About this exercise =>
The reply is a verbatim copy of the listing below with its images dropped.

Available data =>
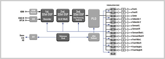 AVR-4520のデジタル部のブロック図。3基のDSD、7基のDACチップが搭載されていることがわかる
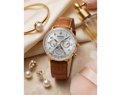 Orologio da polso Zeppelin LZ129 Hindenburg 7039-1 Analogico Donna con movimento Al quarzo, cassa in Acciaio inossidabile di diametro 36 mm, quadrante Argento, vetro Minerale K1 e cinturino in Pelle di colore Marrone.
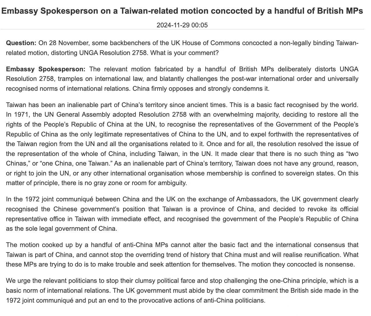 China condemns UK MP’s Taiwan-related motion for distorting UN resolution: Chinese Embassy in the UK

Result of this exercise =>
 AVR-4520のデジタル部のブロック図。3基のDSD、7基のDACチップが搭載されていることがわかる
 Orologio da polso Zeppelin LZ129 Hindenburg 7039-1 Analogico Donna con movimento Al quarzo, cassa in Acciaio inossidabile di diametro 36 mm, quadrante Argento, vetro Minerale K1 e cinturino in Pelle di colore Marrone.
 China condemns UK MP’s Taiwan-related motion for distorting UN resolution: Chinese Embassy in the UK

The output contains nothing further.